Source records
☆ ☆ ☆ ☆ ☆ ☆ ☆

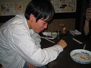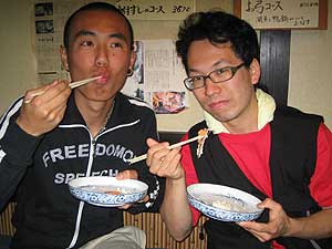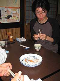 鮒鮨を食べさせてくれる店を教えてもらうバカ2人(ゴウ&マッチー)。
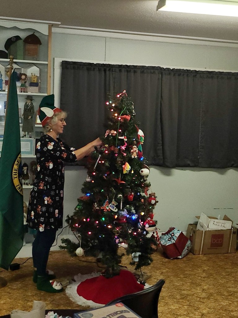 Someone brings a tree, and everyone has a hand in decorating it. Here Kristin puts some finishing touches on this years Tanenbaum.
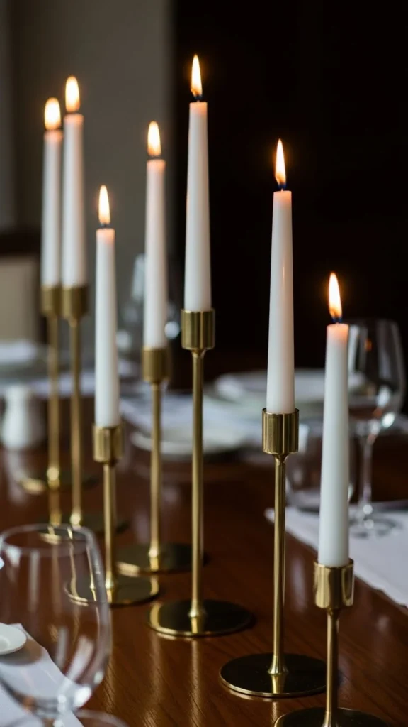 - Brass candle holders (3–5)
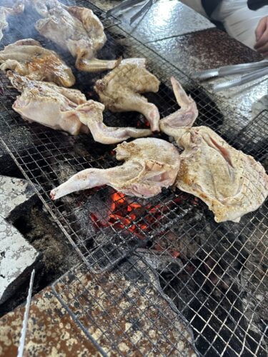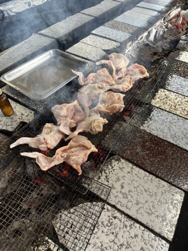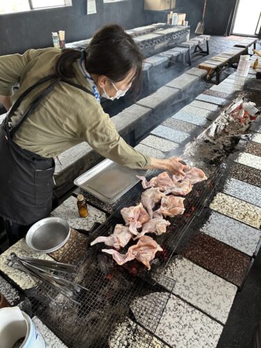 お店の方がたくさんの鶏肉を網の上にどさっと!すげ~ボリューム!
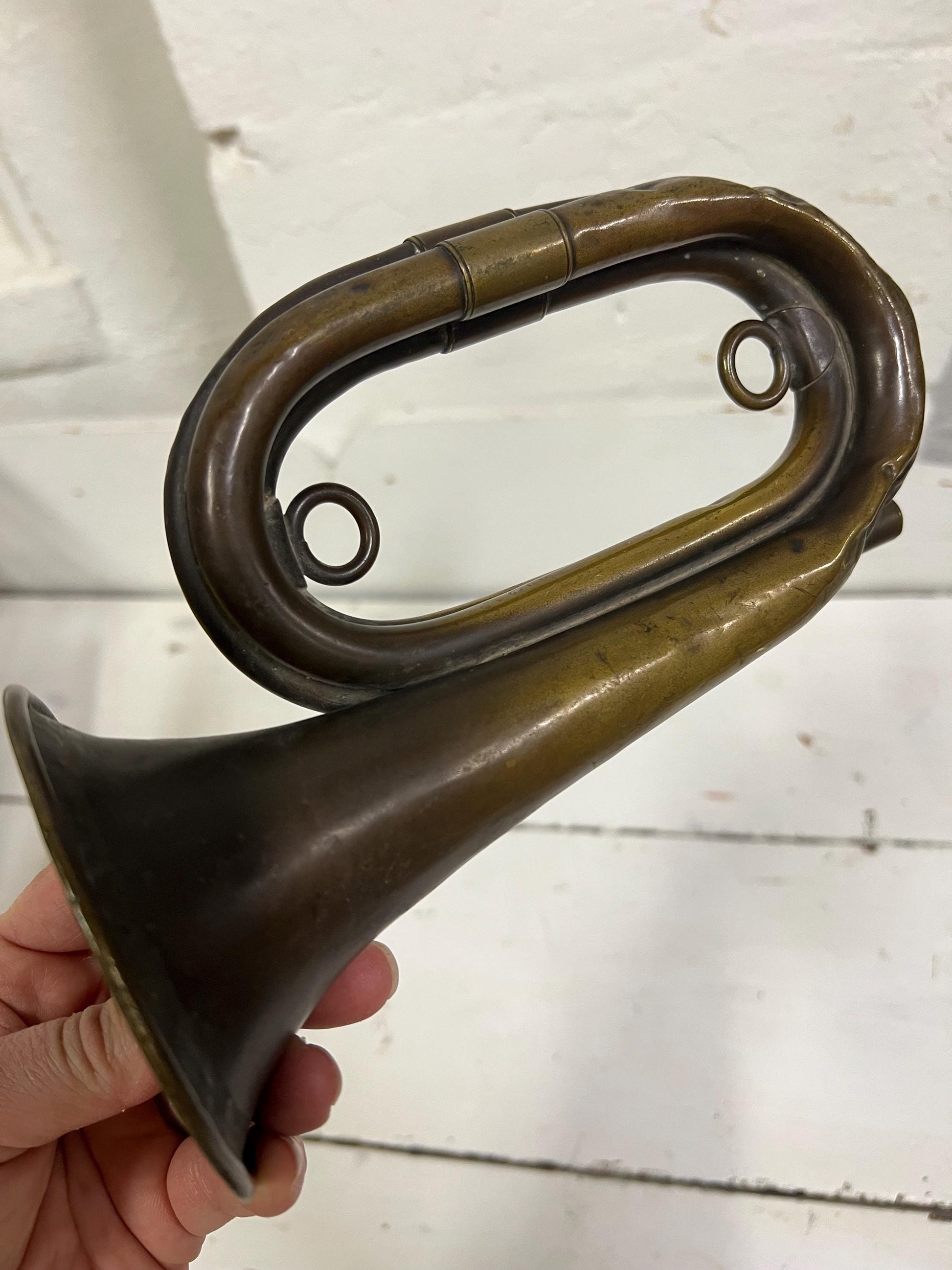 Charming old brass bugle horn. Great piece of character for your home decor. No mouthpiece included.
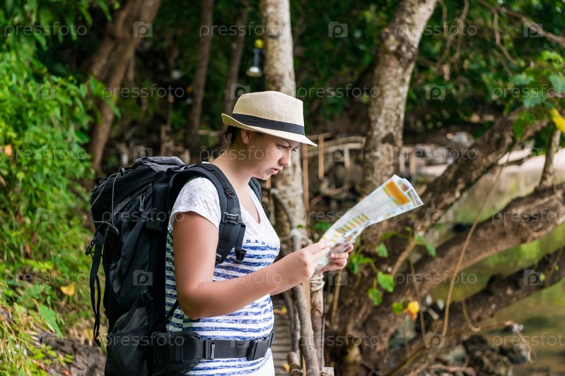 Женщина-туристка в шляпе с рюкзаком на походе по Азии
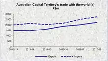 In 2017-18 total exports stood at A$2,230 million, while imports reached A$2,738 million, with a negative balance of trade of A$508 million. Services account for almost all exports (>99%) and imports (>90%) in the ACT. Since 2012-13, average annual goods and services exports growth has been 9.9%.[7]
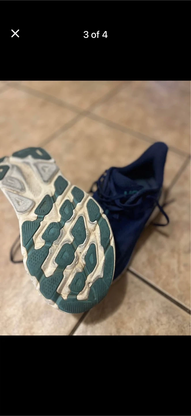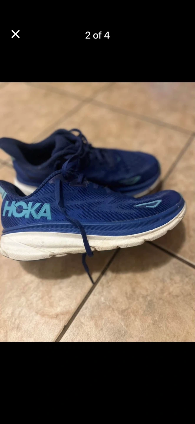 These are a pair of blue Hoka Clifton running shoes. They're designed for comfort and performance. Good for road running!
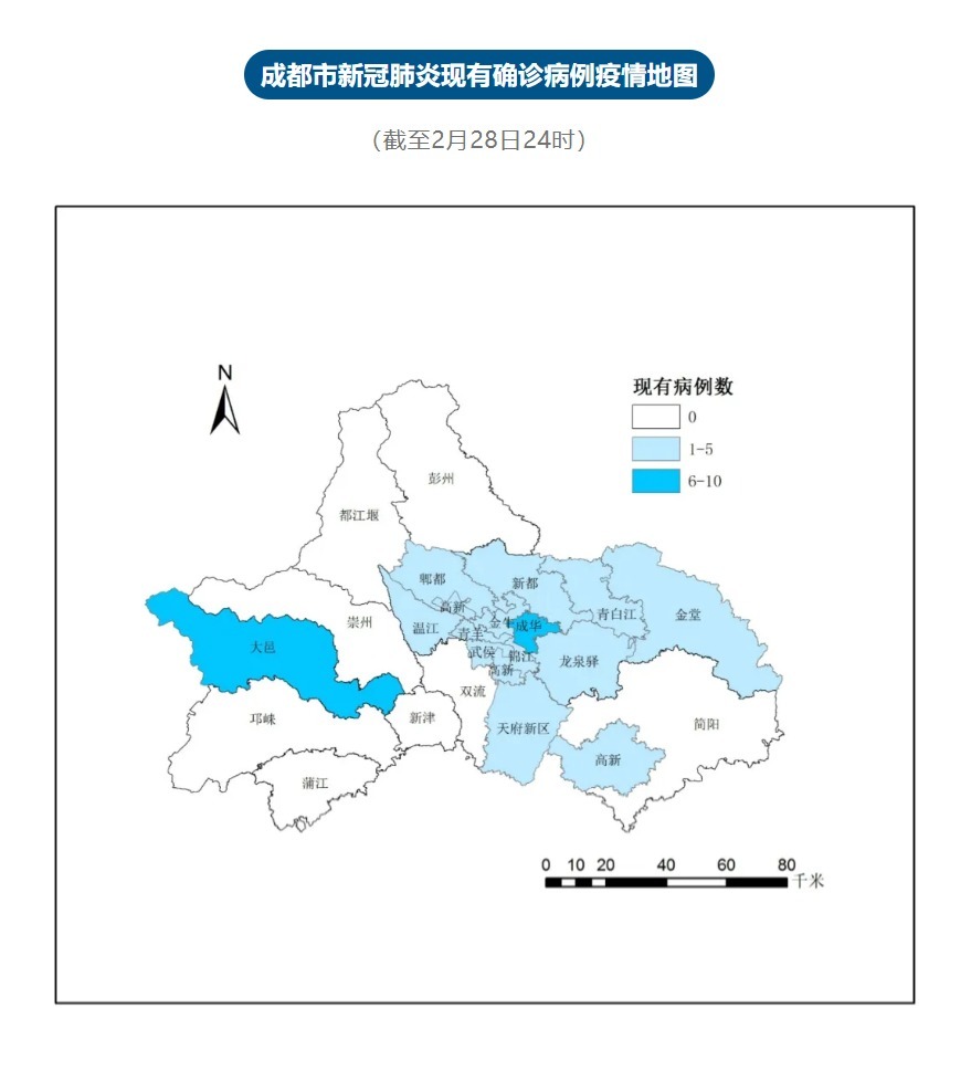 2月29日,记者从成都市卫健委获悉,成都市最新版新冠肺炎现有确诊病例疫情地图显示,截至2月28日24时,成都市已经有彭州市、都江堰市、崇州市、邛崃市、蒲江县、新津县、双流区、简阳市8地的现有病例为0。(其中,彭州市、都江堰市、崇州市、蒲江县4地从未报告确诊病例)
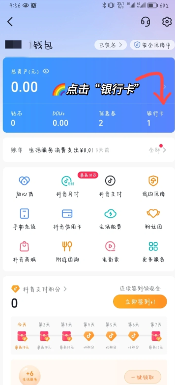 3,点击进入,找到银行卡
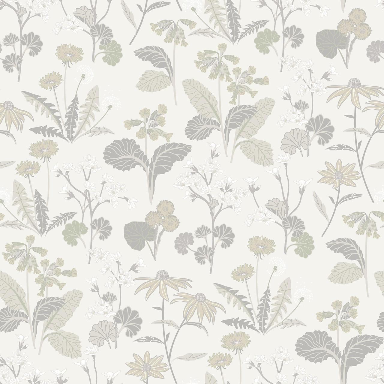 4080-92136 - Magdalena Light Grey Dandelion Wallpaper. Bring the outdoors in with this elegant botanical print. It features delicate ferns in a soft sage green palette. The design adds a refreshing, organic feel to any room. Printed on high-quality non-woven paper, it is durable and easy to strip. Perfect for a calming bedroom or a farmhouse-style living area. . The width in (in) 20.9 X 33 product length in (ft) covering About 57.5 square feet. Product Match is Straight. Product Repeat is 20.9. Material is Non Woven. Adhesion Type is Unpasted - Washable - Strippable. The Color is Greys

☆ ☆ ☆ ☆ ☆ ☆ ☆

_YOUR GOAL_:
Above are the records. Copy only the lines from the one with "In 2017-18 total" through the one with "3,点击进入,找到银行卡", exactly, with no pictures.

_RESPONSE BOX_:
 In 2017-18 total exports stood at A$2,230 million, while imports reached A$2,738 million, with a negative balance of trade of A$508 million. Services account for almost all exports (>99%) and imports (>90%) in the ACT. Since 2012-13, average annual goods and services exports growth has been 9.9%.[7]
 These are a pair of blue Hoka Clifton running shoes. They're designed for comfort and performance. Good for road running!
 2月29日,记者从成都市卫健委获悉,成都市最新版新冠肺炎现有确诊病例疫情地图显示,截至2月28日24时,成都市已经有彭州市、都江堰市、崇州市、邛崃市、蒲江县、新津县、双流区、简阳市8地的现有病例为0。(其中,彭州市、都江堰市、崇州市、蒲江县4地从未报告确诊病例)
 3,点击进入,找到银行卡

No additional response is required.